> WHAT IS NEEDED: Your answer should be the exact lines of the data below from the one containing "Vsr Jawar Flour" through the one containing "Wire Belt Conveyor"; please include nothing else.

> MATERIAL FOR THE TASK:
*** Begin section ***

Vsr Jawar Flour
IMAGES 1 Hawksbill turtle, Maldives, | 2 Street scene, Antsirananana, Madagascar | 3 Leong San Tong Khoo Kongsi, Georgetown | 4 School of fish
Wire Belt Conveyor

*** End section ***
*** Begin section ***

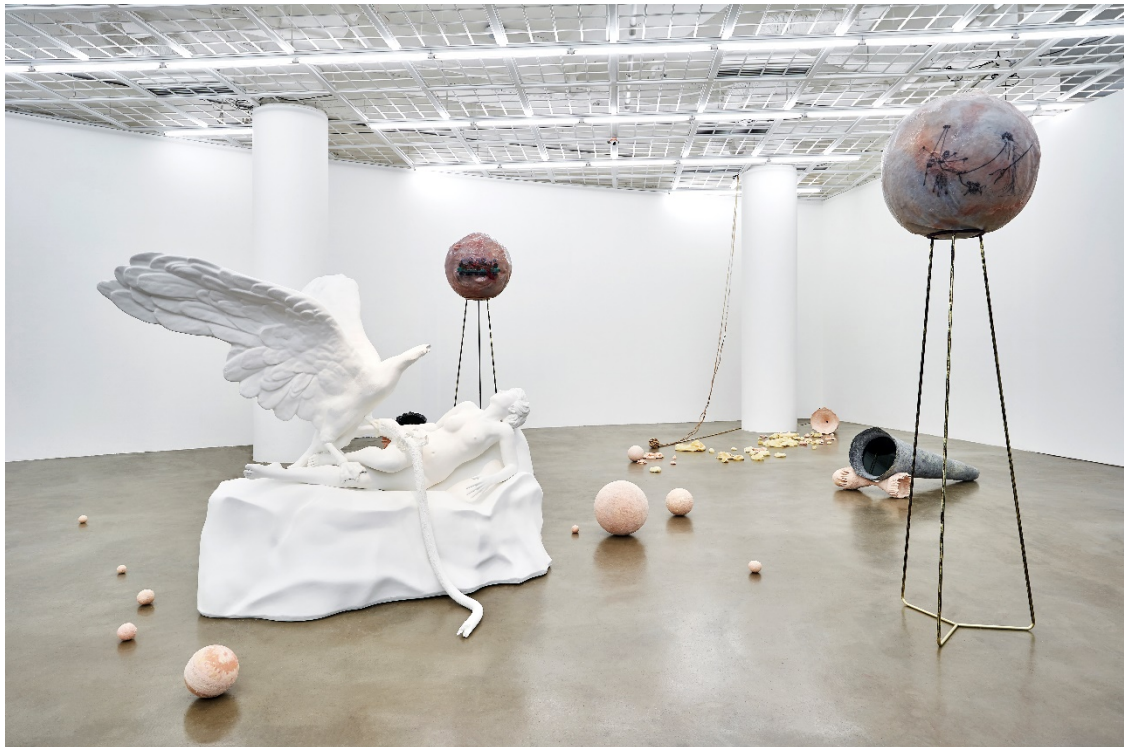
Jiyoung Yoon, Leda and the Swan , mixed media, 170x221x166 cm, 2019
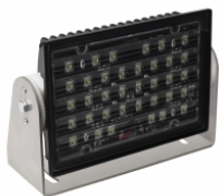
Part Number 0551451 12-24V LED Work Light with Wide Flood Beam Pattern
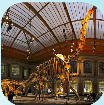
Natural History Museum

*** End section ***

> WRITTEN SOLUTION:
Vsr Jawar Flour
IMAGES 1 Hawksbill turtle, Maldives, | 2 Street scene, Antsirananana, Madagascar | 3 Leong San Tong Khoo Kongsi, Georgetown | 4 School of fish
Wire Belt Conveyor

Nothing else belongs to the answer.